■ **What you are asked to do**
No pictures belong in the result; set down exactly the lines from the one containing "靶式流量計隔爆型檢驗報告" through the final line of the listing, and nothing more.

══════════════════════════════

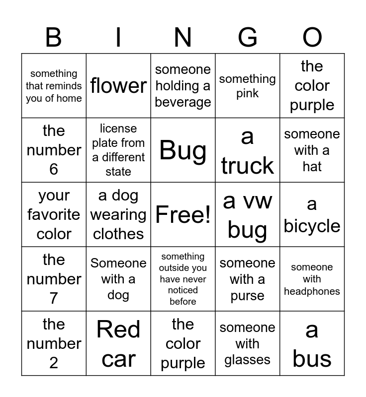 This bingo card has a free space and 24 words: Someone with a dog, Red car, Bug, the number 2, the color purple, something that reminds you of home, the number 6, flower, a vw bug, something outside you have never noticed before, a truck, your favorite color, someone with a purse, someone with headphones, license plate from a different state, someone with glasses, a bicycle, someone holding a beverage, someone with a hat, a dog wearing clothes, a bus, the number 7, something pink and the color purple.
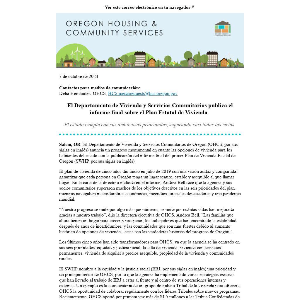 Salem, OR- El Departamento de Vivienda y Servicios Comunitarios de Oregon (OHCS, por sus siglas en inglés) anuncia un progreso monumental en cuanto las opciones de vivienda para los habitantes del estado con la publicación del informe final del primer Plan de Vivienda Estatal de Oregon (SWHP, por sus siglas en inglés).
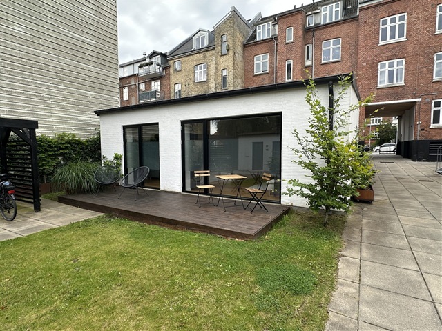 Situated in the heart of Aarhus C within the Øgadekvarteret, this distinctive two-room townhouse offers a peaceful courtyard setting. Constructed in 2018, the residence presents a contemporary and welcoming atmosphere, featuring a thoughtfully designed layout. The spacious and bright living area opens up seamlessly to the kitchen, creating an open-plan environment. The bedroom is generously sized and includes built-in wardrobes for practical storage.Both the living room and bedroom provide direct access to a private courtyard, allowing for tranquil outdoor living in a quiet and sheltered environment. The large bathroom is finished with a sleek design and is equipped with a rain shower as well as its own washing machine and dryer.
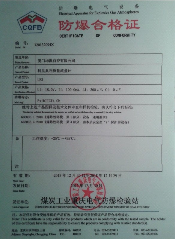 靶式流量計隔爆型檢驗報告
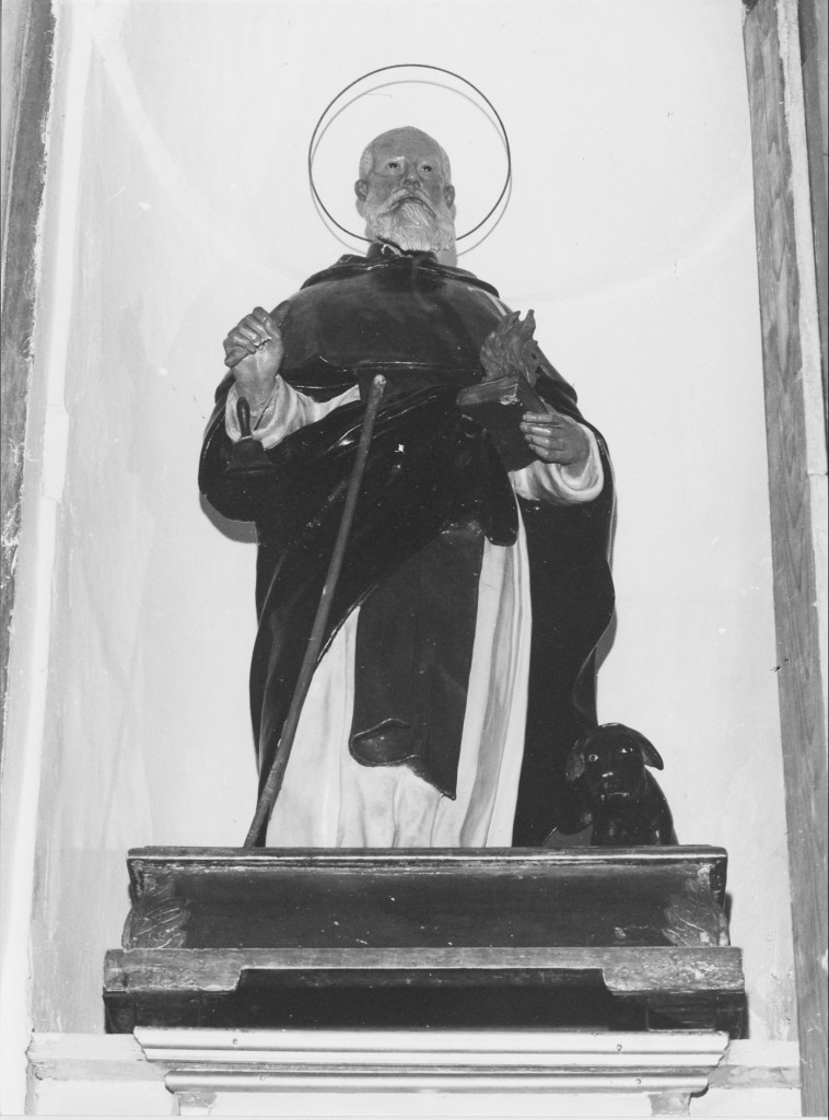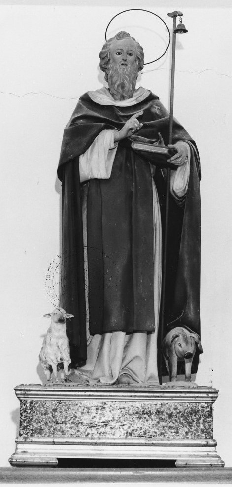 Il Santo è rappresentato in piedi, vestito con l’abito dell’Ordine, con la mano sinistra regge un libro sul quale arde una fiamma. La mano destra regge la parte superiore del bastone spezzato e la campanella. Sul piedistallo, a destra, è un animale poco riconoscibile nella fotografia, ma che dovrebbe essere il consueto maiale.

══════════════════════════════

■ **Task output**
 靶式流量計隔爆型檢驗報告
 Il Santo è rappresentato in piedi, vestito con l’abito dell’Ordine, con la mano sinistra regge un libro sul quale arde una fiamma. La mano destra regge la parte superiore del bastone spezzato e la campanella. Sul piedistallo, a destra, è un animale poco riconoscibile nella fotografia, ma che dovrebbe essere il consueto maiale.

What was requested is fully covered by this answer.